Even if I should get to heaven and have a harp, I know that I could not bear to see my descendants still on the earth, diseased, deformed, crazed--all suffering the penalties of my ignorance. Let us have more science and more sentiment--more knowledge and more conscience--more liberty and more love.

SOWING AND REAPING.

I HAVE read the sermon on "Sowing and Reaping," and I now understand Mr. Moody better than I did before. The other day, in New York, Mr. Moody said that he implicitly believed the story of Jonah and really thought that he was in the fish for three days.

When I read it I was surprised that a man living in the century of Humboldt, Darwin, Huxley, Spencer and Haeckel, should believe such an absurd and idiotic story.

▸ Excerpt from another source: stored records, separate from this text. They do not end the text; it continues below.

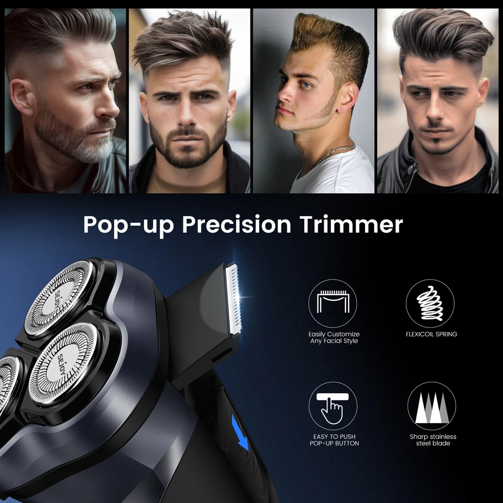 Men's Razor 3D Electric Shaver Rotary Waterproof Pop-Up Trimmer Cordless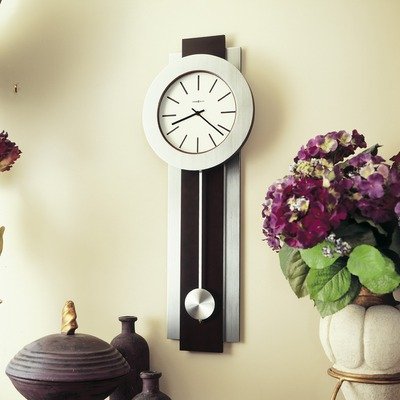 | The Bergen Wall Clock by Howard Miller is a contemporary design with a Merlot Cherry finish and contrasting brushed nickel-finished pendulum, bezel, and side bars. ...Read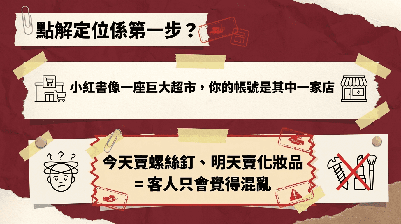 小紅書就像一座巨大超市——你的帳號是其中一家店。如果今天賣螺絲釘、明天賣化妝品、後天幫人算命,客人只會覺得混亂,下次想買東西時,絕對不會第一個想起你。定位,就是決定你在這座超市裡賣什麼、賣給誰。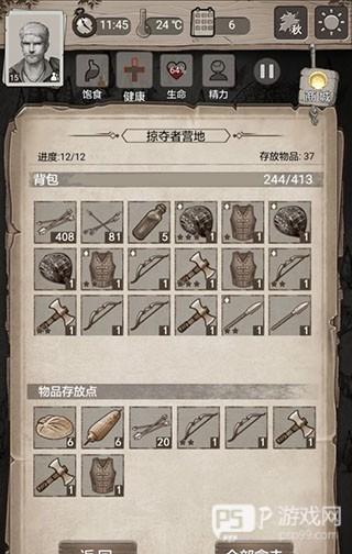 掠夺者营地很肥务必推掉,时间很充裕可以一天推一点。本关结关需要活18天,打完所有点之后每天就是找威利换石片,然后隔几天走一遍资源点。如果觉得食物压力大,请在推完营地后给二号人物断粮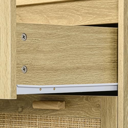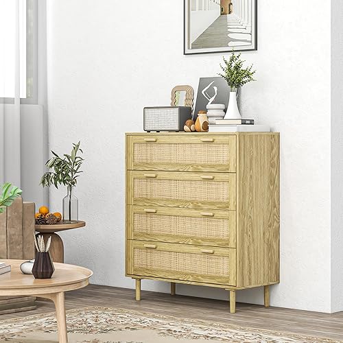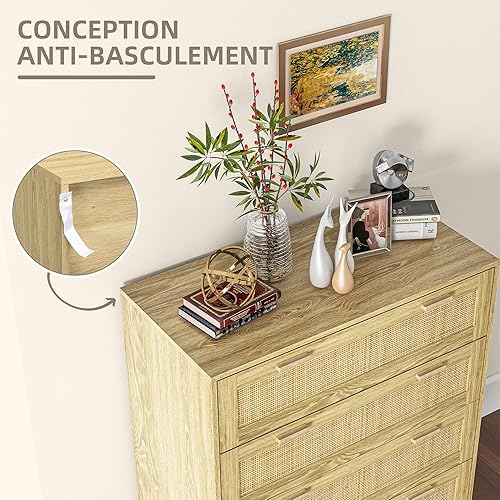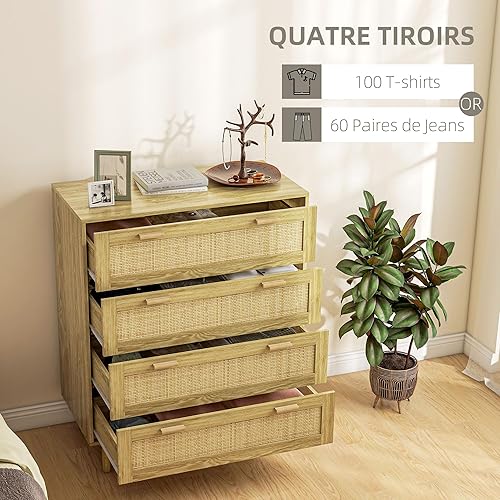 HOMCOM Commode Chambre 4 tiroirs, Meuble de Rangement Style bohème avec façade Tissage en résine tressée, 90 x 45 x 108,5 cm, chêne

Now I understand the whole thing. I can account for the amazing credulity of this man. Mr. Moody never read one of my lectures. That accounts for it all, and no wonder that he is a hundred years behind the times. He never read one of my lectures; that is a perfect explanation.

Poor man! He has no idea of what he has lost. He has been living on miracles and mistakes, on falsehood and foolishness, stuffing his mind with absurdities when he could have had truth, facts and good, sound sense.

Poor man!

Probably Mr. Moody has never read one word of Darwin and so he still believes in the Garden of Eden and the talking snake and really thinks that Jehovah took some mud, moulded the form of a man, breathed in its nostrils, stood it up and called it Adam, and that he then took one of Adam's ribs and some more mud and manufactured Eve. Probably he has never read a word written by any great geologist and consequently still believes in the story of the flood. Knowing nothing of astronomy, he still thinks that Joshua stopped the sun.

Poor man! He has neglected Spencer and has no idea of evolution. He thinks that man has, through all the ages, degenerated, the first pair having been perfect. He does not believe that man came from lower forms and has gradually journeyed upward.

He really thinks that the Devil outwitted God and vaccinated the human race with the virus of total depravity.

Poor man!

He knows nothing of the great scientists--of the great thinkers, of the emancipators of the human race; knows nothing of Spinoza, of Voltaire, of Draper, Buckle, of Paine or Renan.

Mr. Moody ought to read something besides the Bible--ought to find out what the really intelligent have thought. He ought to get some new ideas--a few facts--and I think that, after he did so, he would be astonished to find how ignorant and foolish he had been. He is a good man. His heart is fairly good, but his head is almost useless.